JGrok/QL syntax guide

under construction

The essentials

Statements and expressions. A QL program consists of a sequence of statements and/or expressions. Statements are executed for their side effects, typically changing the value of a variable, printing something to the screen, etc. Expressions typically produce no side effects; instead, they are evaluated and the results of evaluation are printed to standard output (which is typically the screen, unless the output has been redirected).

It is acceptable, although not always necessary, to place semicolons at the end of every statement and expression. In most cases, QL can determine where one statement ends and a different one begins. In cases where there is ambiguity, semicolons are required. For example:

foo = {1,2,3} X {4} + {4} X {5,6};
bar = {"hello"} X {"world"};
foo+ 
bar
This piece of code defines two relations and then appears to print the transitive closure of foo, followed by bar. This is not the case, however. Because the expressions on the last two lines are not separated, they will be treated as one expression, and this code will instead print the union of foo and bar. To print transitive closure of foo first and bar second, a semicolon must be placed at the end of the third line.

For clarity reasons, and to avoid potential confusion, it is recommended that you place semicolons at the end of every expression or statement.

Compound statements. A sequence of statements and expressions can be treated as a single compound statement when surrounded by curly braces.

Variables and types. There is no need to declare variables in QL. A variable is automatically created when it is first assigned to. All variables have a type, which is automatically determined based on the value assigned to a variable; the type of a variable may change throughout its life, based on the values assigned to it.

Parameters. QL scripts can take command-line parameters. The parameters can be accessed through the variables $0, $1, $2, and so on. $0 holds the name of the QL script being executed, $1 holds the first parameter, $2 holds the second parameter, and so on.

Flow control statements

If statement. The if statement in QL has the general form of:

if ( expression )
statement_or_expression
else
statement_or_expression

The else part of the statement is optional, and the statement can be abbreviated to:

if ( expression )
statement_or_expression

The expression in brackets must evaluate to a boolean (true or false). Unlike many other languages, QL does not automatically map integers and strings to booleans; providing a non-boolean expression in a boolean context generates an error. The conditional expression controls the execution of a single expression or statement. The statement controlled can be a simple or a compound statement.

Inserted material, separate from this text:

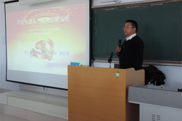 根据beat365正版唯一官方网站党委宣传部《关于认真学习宣传贯彻党的十八届六中全会精神的通知》的要求,11月22日,经管系、数学系、政史系、中文系、外语系共同举办的十八届六中全会专题报告会在逸夫楼301举行。报告会特邀乌兰察布市精神文明办副主任郭经纬对教师党员、学生党员、入党积极分子作了题为《开创全面从严治党》的专题报告会。经管系、数学系、政史系、中文系、外语系的教师党员、学生党员以及部分入党积极分子参加了报告会。数学系党总支书记莎仁格日乐主持报告会。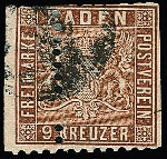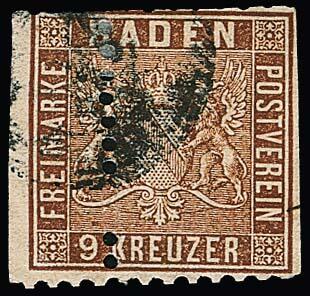 | Zusatzinformationen und Suchstichworte: | Rauhut & Kruschel - 219. Auktion 29. Juli 2023 Los 104 Altdeutschland Baden 9 Kr. dunkelbraun, extrem verzähntes gestempeltes Exemplar, siehe Foto, durch den Zähnungsverlauf zwangsweise teils Scherentrennung, mittig nur teilweise (!) gezähnt mit teils ausgefallener Zähnung, in vorliegender Form sehr ungewöhnlich und nur wenige Exemplare bekannt Ausruf 180,00 EUR |

For statement. The for loop in QL looks as follows:

for variable in set statement_or_expression

During execution, the loop variable will take on all the values in the set in turn. The body of the loop (a single expression or statement) will be executed once for every member in the set, as it appeared before the loop began executing. This means that adding or deleting items from the set in the body of the loop does not affect the number of times the loop is executed.